**Exercise inputs**
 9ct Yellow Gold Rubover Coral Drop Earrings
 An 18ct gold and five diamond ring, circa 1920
==
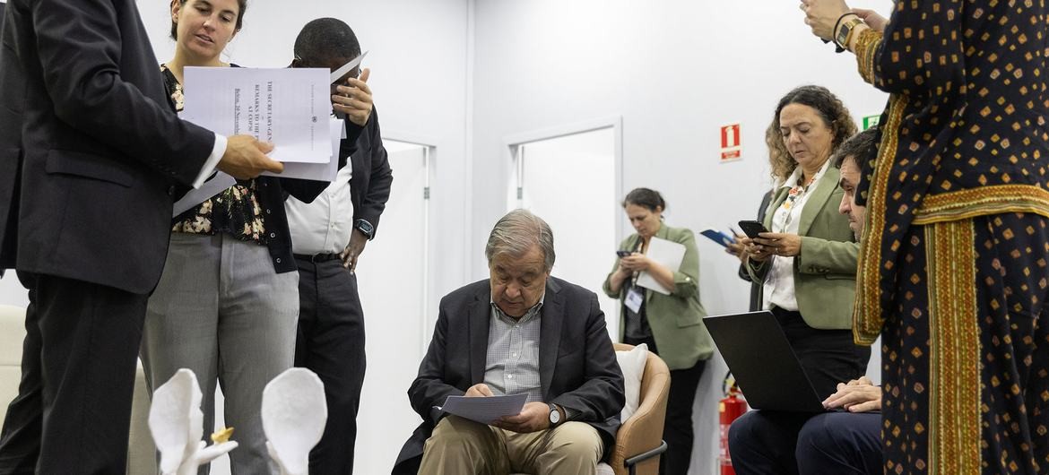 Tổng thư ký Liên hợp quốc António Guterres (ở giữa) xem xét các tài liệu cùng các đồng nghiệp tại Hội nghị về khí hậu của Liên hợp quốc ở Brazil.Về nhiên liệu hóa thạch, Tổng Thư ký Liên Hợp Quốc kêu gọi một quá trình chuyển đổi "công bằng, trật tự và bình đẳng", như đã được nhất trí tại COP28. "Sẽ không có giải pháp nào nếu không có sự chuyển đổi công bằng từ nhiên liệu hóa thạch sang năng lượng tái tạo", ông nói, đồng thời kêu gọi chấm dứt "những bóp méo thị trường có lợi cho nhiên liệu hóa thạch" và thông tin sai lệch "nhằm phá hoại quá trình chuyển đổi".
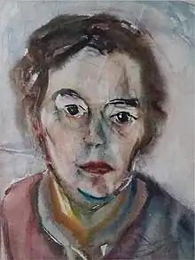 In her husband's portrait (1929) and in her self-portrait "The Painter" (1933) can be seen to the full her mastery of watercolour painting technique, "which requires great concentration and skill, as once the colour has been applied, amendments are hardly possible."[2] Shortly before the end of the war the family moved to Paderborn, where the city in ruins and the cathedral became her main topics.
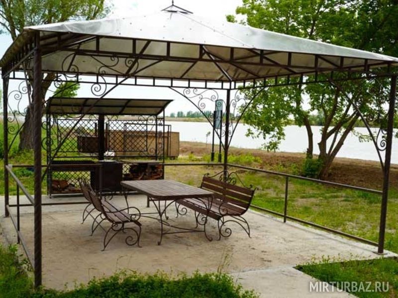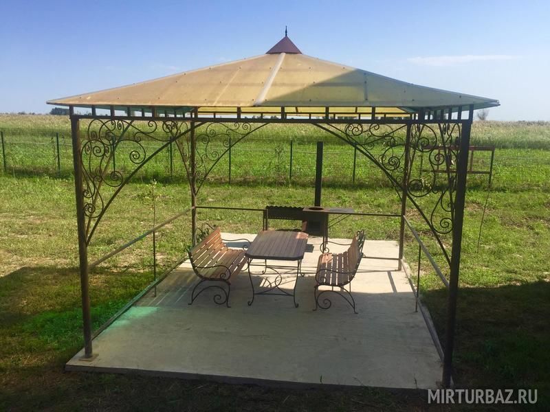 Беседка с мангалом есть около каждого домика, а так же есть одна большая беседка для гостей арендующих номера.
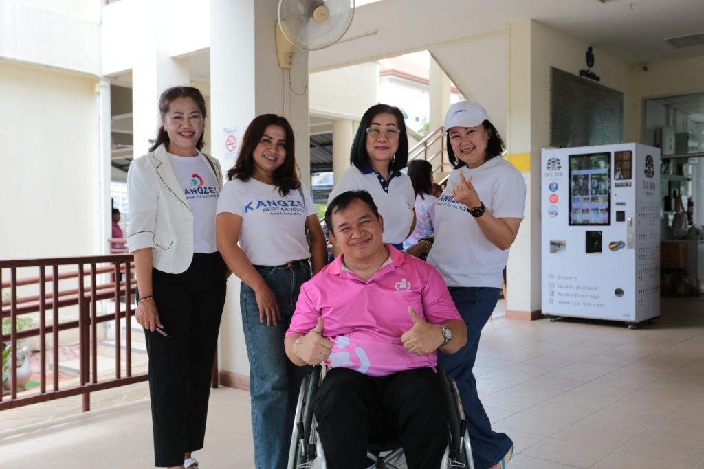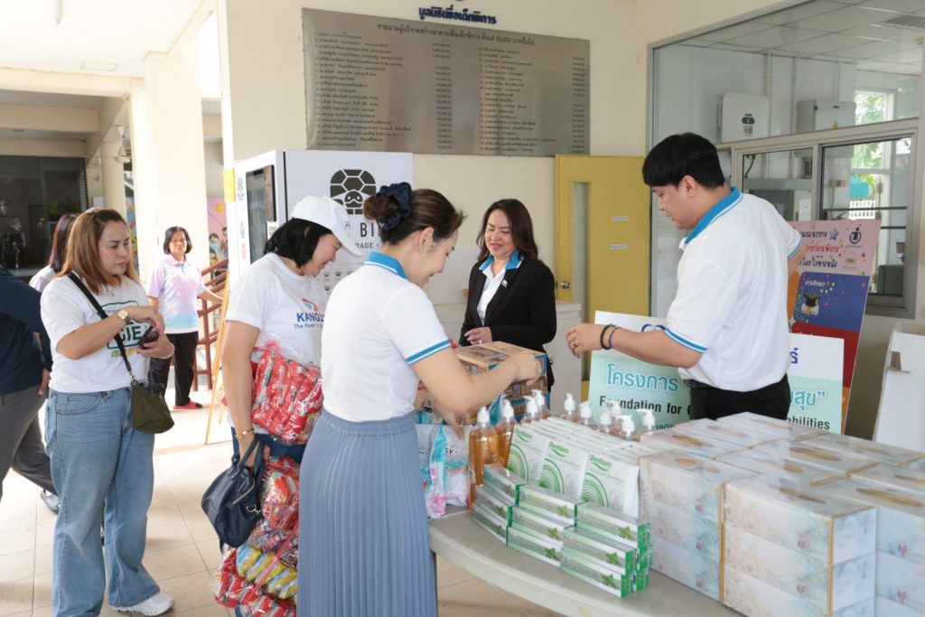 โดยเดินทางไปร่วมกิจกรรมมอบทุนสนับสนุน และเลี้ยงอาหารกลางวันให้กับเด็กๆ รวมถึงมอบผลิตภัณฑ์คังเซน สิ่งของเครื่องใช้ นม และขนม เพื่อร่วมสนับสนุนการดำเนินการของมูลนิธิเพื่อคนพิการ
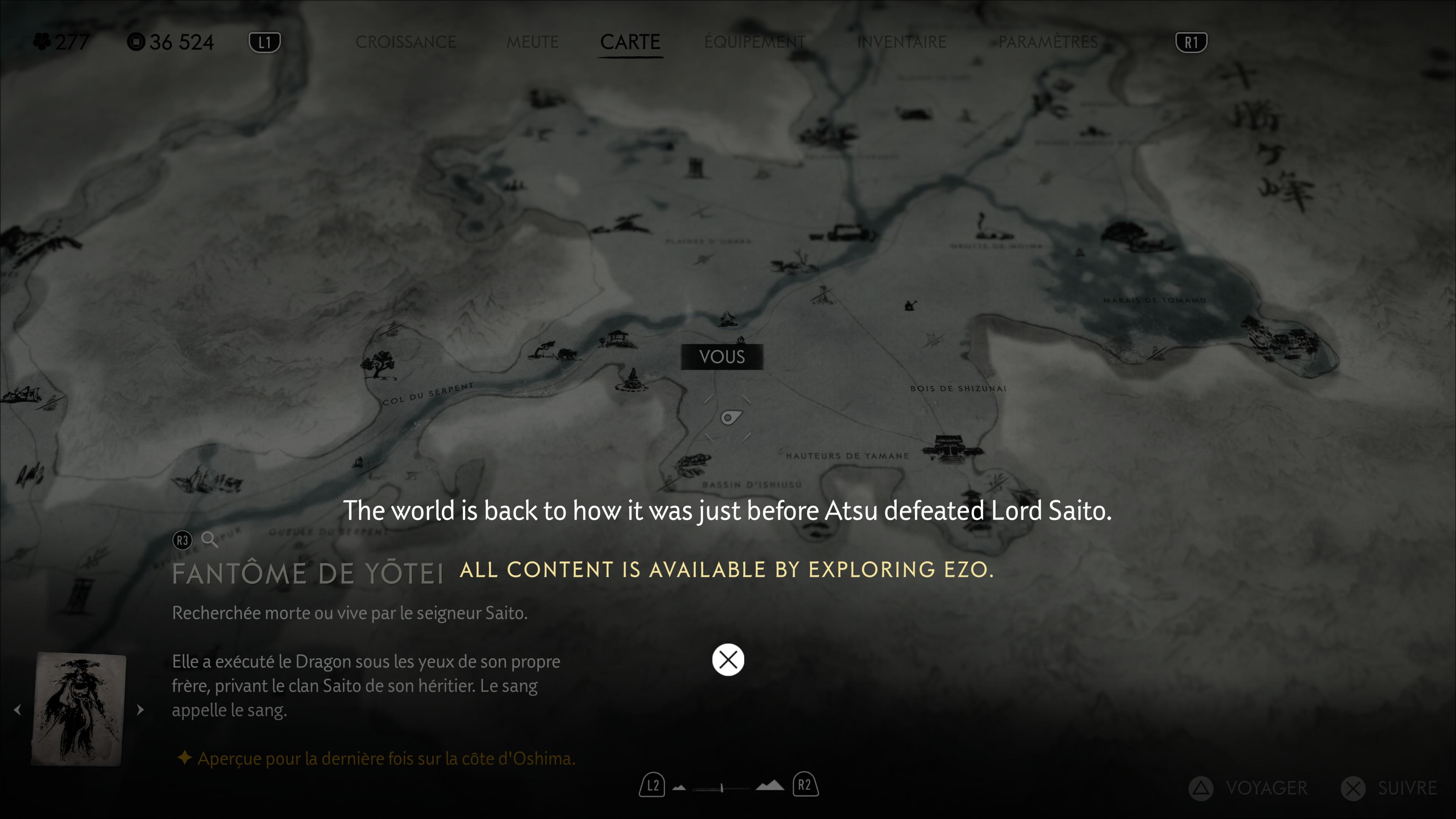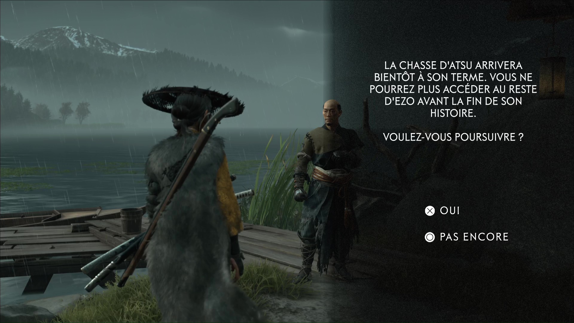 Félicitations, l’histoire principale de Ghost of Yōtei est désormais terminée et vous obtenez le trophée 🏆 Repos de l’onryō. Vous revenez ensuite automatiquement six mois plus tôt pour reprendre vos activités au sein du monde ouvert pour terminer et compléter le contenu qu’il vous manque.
--
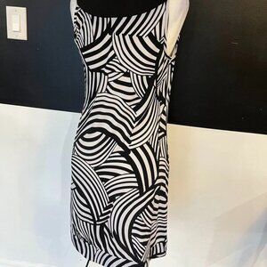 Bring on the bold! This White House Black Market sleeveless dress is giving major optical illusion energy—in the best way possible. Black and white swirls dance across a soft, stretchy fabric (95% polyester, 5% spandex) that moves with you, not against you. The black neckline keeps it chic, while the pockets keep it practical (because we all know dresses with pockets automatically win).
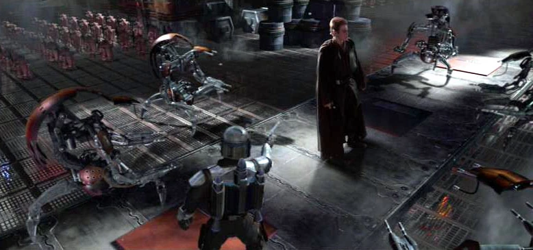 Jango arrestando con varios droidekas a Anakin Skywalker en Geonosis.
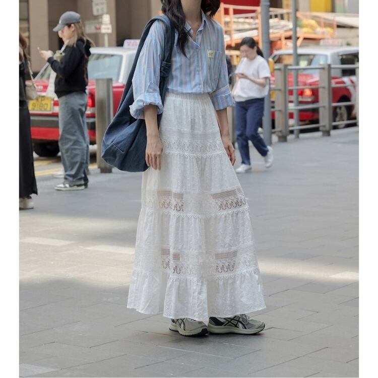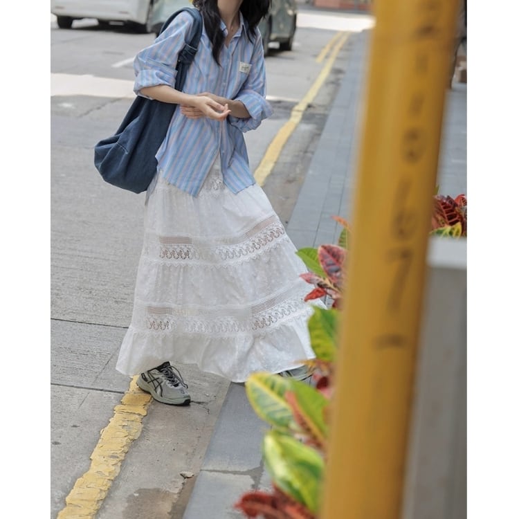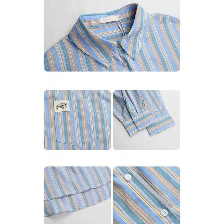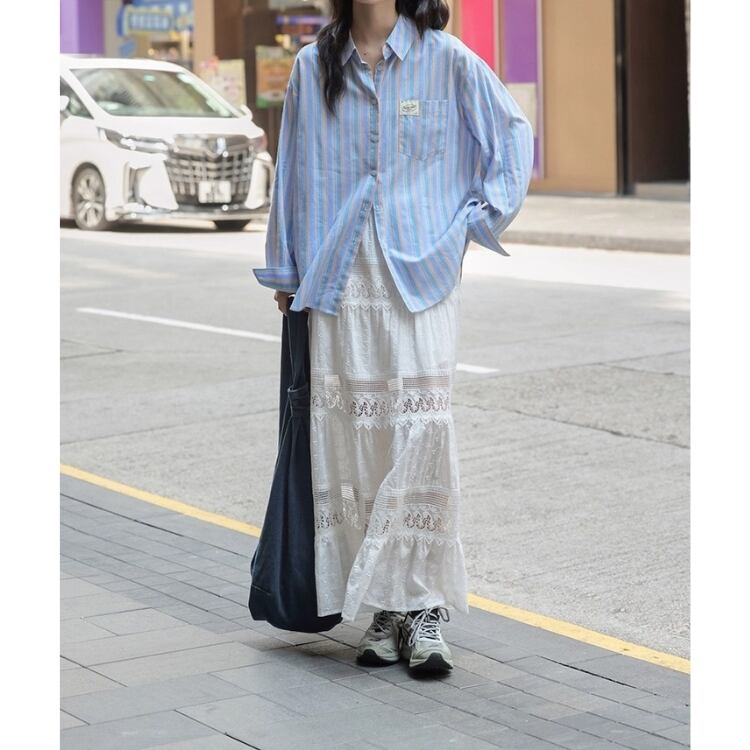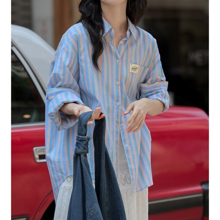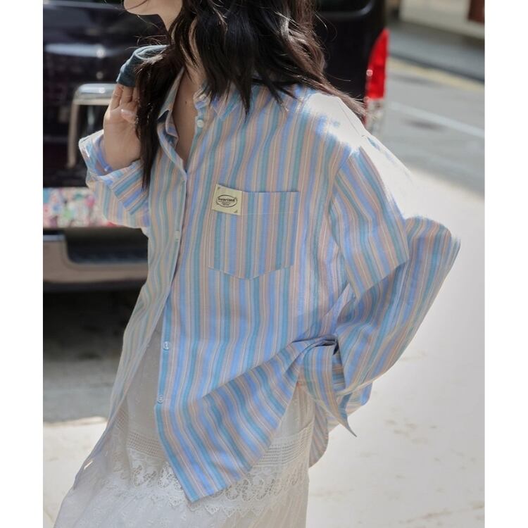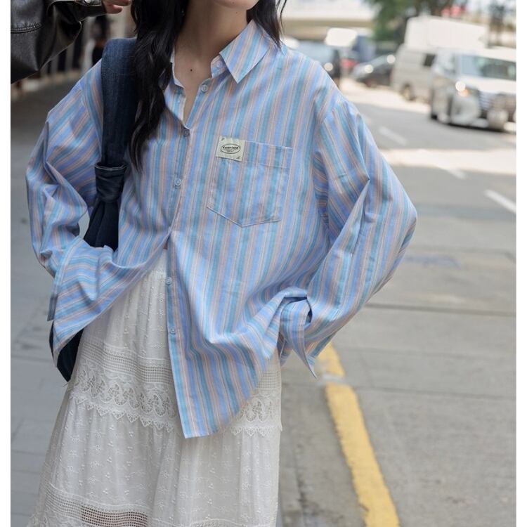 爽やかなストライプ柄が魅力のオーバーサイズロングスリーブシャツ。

**Work request**
Write out word for word the lines above that run from the one with "Bring on the" to the one with "爽やかなストライプ柄が魅力のオーバーサイズロングスリーブシャツ。". Include both end lines; exclude the images.

**Solution for this exercise**
 Bring on the bold! This White House Black Market sleeveless dress is giving major optical illusion energy—in the best way possible. Black and white swirls dance across a soft, stretchy fabric (95% polyester, 5% spandex) that moves with you, not against you. The black neckline keeps it chic, while the pockets keep it practical (because we all know dresses with pockets automatically win).
 Jango arrestando con varios droidekas a Anakin Skywalker en Geonosis.
 爽やかなストライプ柄が魅力のオーバーサイズロングスリーブシャツ。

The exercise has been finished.